▶ Task to complete:
Go through the listing below and repeat it exactly, omitting each picture.
↓
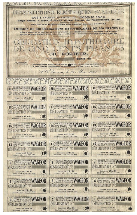 Obbligazione ipotecaria al portatore del valore di 500 Franchi.
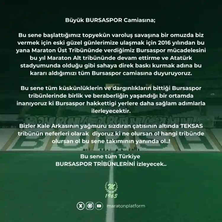 Bu sene başlattığımız topyekûn varoluş savaşına bir omuzda biz vermek için eski güzel günlerimize ulaşmak için 2016 yılından bu yana Maraton Üst Tribününde verdiğimiz Bursaspor mücadelesini bu yıl Maraton Alt tribününde devam ettirme ve Atatürk stadyumunda olduğu gibi sahaya direk baskı kurmak adına bu kararı aldığımızı tüm Bursaspor camiasına duyuruyoruz.
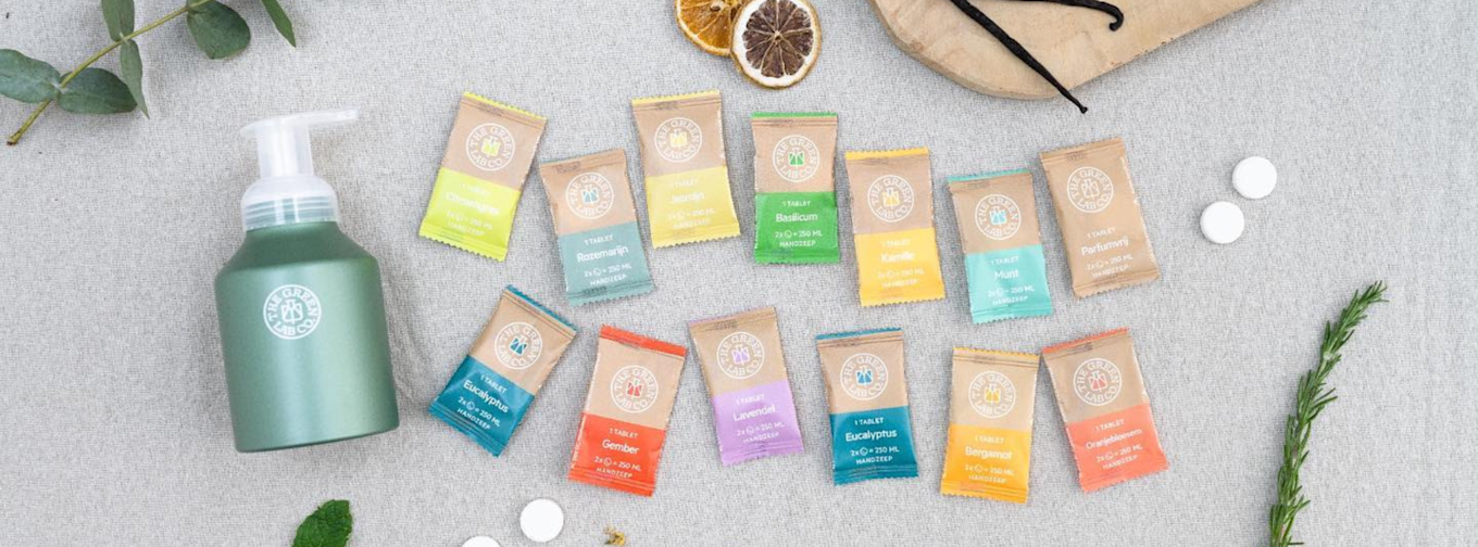The Green Lab Company erbjuder hygienprodukter som till exempel en löddrande och väldoftande handtvål i tablettform som blandas med vatten hemma i en återanvändbar flaska. The Green Lab Company har som mål att minska plastanvändning och minska transporten av vatten.
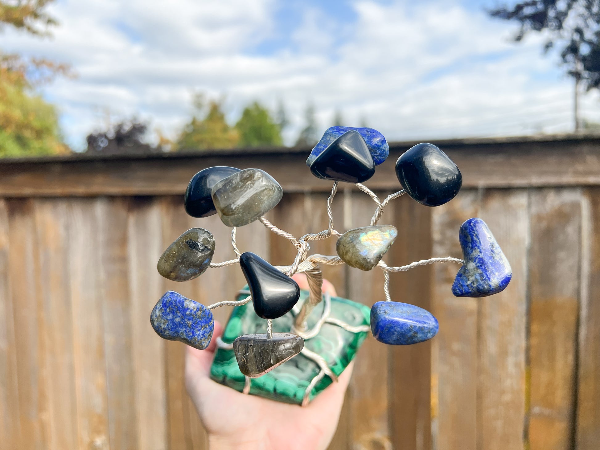 Handmade crystal tree with 12 crystal leaves including black obsidian, labradorite, and lapis lazuli—stones chosen to support Scorpio’s intensity, transformation, and intuition:
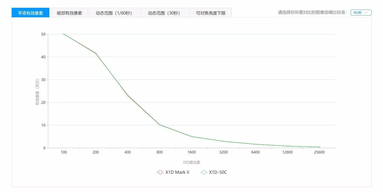 在误差限度之内可以认为X1D II 50C与X1D 50C的动态范围表现相同,长曝光下波动会略微大一些。
↑
▶ Exercise answer:
 Obbligazione ipotecaria al portatore del valore di 500 Franchi.
 Bu sene başlattığımız topyekûn varoluş savaşına bir omuzda biz vermek için eski güzel günlerimize ulaşmak için 2016 yılından bu yana Maraton Üst Tribününde verdiğimiz Bursaspor mücadelesini bu yıl Maraton Alt tribününde devam ettirme ve Atatürk stadyumunda olduğu gibi sahaya direk baskı kurmak adına bu kararı aldığımızı tüm Bursaspor camiasına duyuruyoruz.
The Green Lab Company erbjuder hygienprodukter som till exempel en löddrande och väldoftande handtvål i tablettform som blandas med vatten hemma i en återanvändbar flaska. The Green Lab Company har som mål att minska plastanvändning och minska transporten av vatten.
 Handmade crystal tree with 12 crystal leaves including black obsidian, labradorite, and lapis lazuli—stones chosen to support Scorpio’s intensity, transformation, and intuition:
 在误差限度之内可以认为X1D II 50C与X1D 50C的动态范围表现相同,长曝光下波动会略微大一些。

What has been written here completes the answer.